5 Pieces of College Application Advice
September 28, 2016
Applying for college can be an overwhelming, scary process. These simple tips will help to make some sense of the madness.
1. Stay organized.
There is a lot going on with college applications, from letters of recommendation to different deadlines, so you need to be able to keep track of it all.
Make a spreadsheet with the schools you are applying to. Include the different deadlines, application requirements and anything else you can think of on your spreadsheet. Then, when you finish the essay for ABC University, you can highlight it, so you know it’s taken care of.
This one document can store all the information you need in order to give your brain a little break.
2. Use the same name.
Pick one name to put on every college form you ever see. I did not do this, so I got mail addressed to Katelyn, Katie, Katelyn M, Katie M, Katie Marie, Katelyn Marie and even Katie Ray.
I got doubles and triples of pamphlets from schools because they thought I was a million different people. Choose one name and stick with it, on everything from college tour surveys to the SAT/ACT. It will save your mail carrier, the Earth and your sanity.
3. Ask early, remind often.
Some colleges ask for letters of recommendations as a part of the application process. You can ask your teachers, coaches, bosses, club advisors or guidance counselors to write you a recommendation, but make sure to ask these people way before your deadline.
You are asking them to do you a favor by writing a complimentary letter to a college. Don’t put them in a bad mood by procrastinating to the point where they will have to rush to get it done. Also, these people probably have a lot of other things going on, so it’s okay to politely remind them of your deadline. I don’t recommend doing this every day, but maybe once a week to check in.
4. Use your resources.
Your guidance counselors, your parents and the internet have a ton to offer.

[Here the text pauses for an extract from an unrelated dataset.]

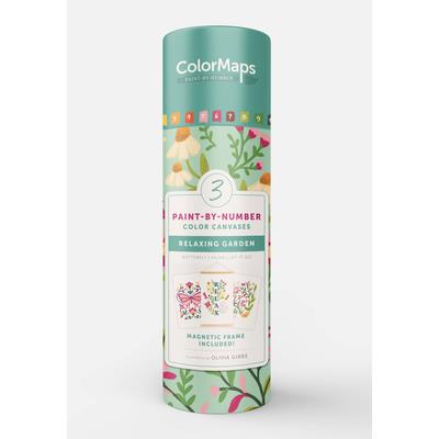 Create three beautiful paintings with this easy-to-use paint-by-number kit featuring colored-line patterns of inspiring floral designs! ColorMaps Paint-by-Number Relaxing Garden delivers amazing results with zero stress. Users simply match the paint to the colored line and number, and watch their canvas bloom to life. This kit includes three 11" x 17" rolled canvases with soothing messages and motifs to inspire mindfulness and relaxation: a vibrant butterfly design, a floral "RELAX" design, and a greenery-filled "LET IT GO" design--all printed with colored lines that guide every brushstroke and blend into the paint for a finished look that feels like an original. The kit comes with 12 paint pots (plenty of paint for all three canvases), two quality paintbrushes (one for wide coverage and one for fine detail), and a simple instruction leaflet. When the painting is done, users simply pop their art into the included magnetic wooden frame to display it, and swap in a new canvas whenever they want to refresh their mini gallery.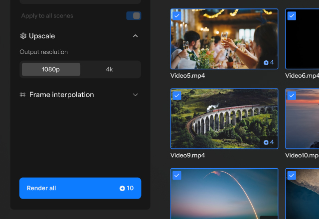 Upload a single video file and apply different enhancement modes to individual scenes to streamline your workflow in Astra.

Your counselor can help narrow down a list of schools, collect your transcript information and put you in contact with colleges. Your parents can proofread your essay, help plan visits to campuses and act as a sounding board for your concerns or questions. The internet can handle anything in between. There are apps to proofread personal statements for grammar. Colleges put additional information about their application and selection processes on their websites. Odds are, if you have a questions the internet ahs the answer somewhere.
5. Be true to yourself.
The center of the college application process is you.
You are the one in the driver’s seat. You can pick where you apply, where you go after you receive your acceptance letters and what you want to do for the rest of your life. Be yourself in the whole application. The essay should be completely unique to you and your perspective. If someone else could have written it, then it is too generic. Share your experiences, your struggles and your passions. Or use your application to show off all the cool things you’ve done and everything you’ve been dreaming about doing. Being you should be easy because you’ve been doing it your whole life anyway. Stay true to who you are, and the colleges will see that shine through.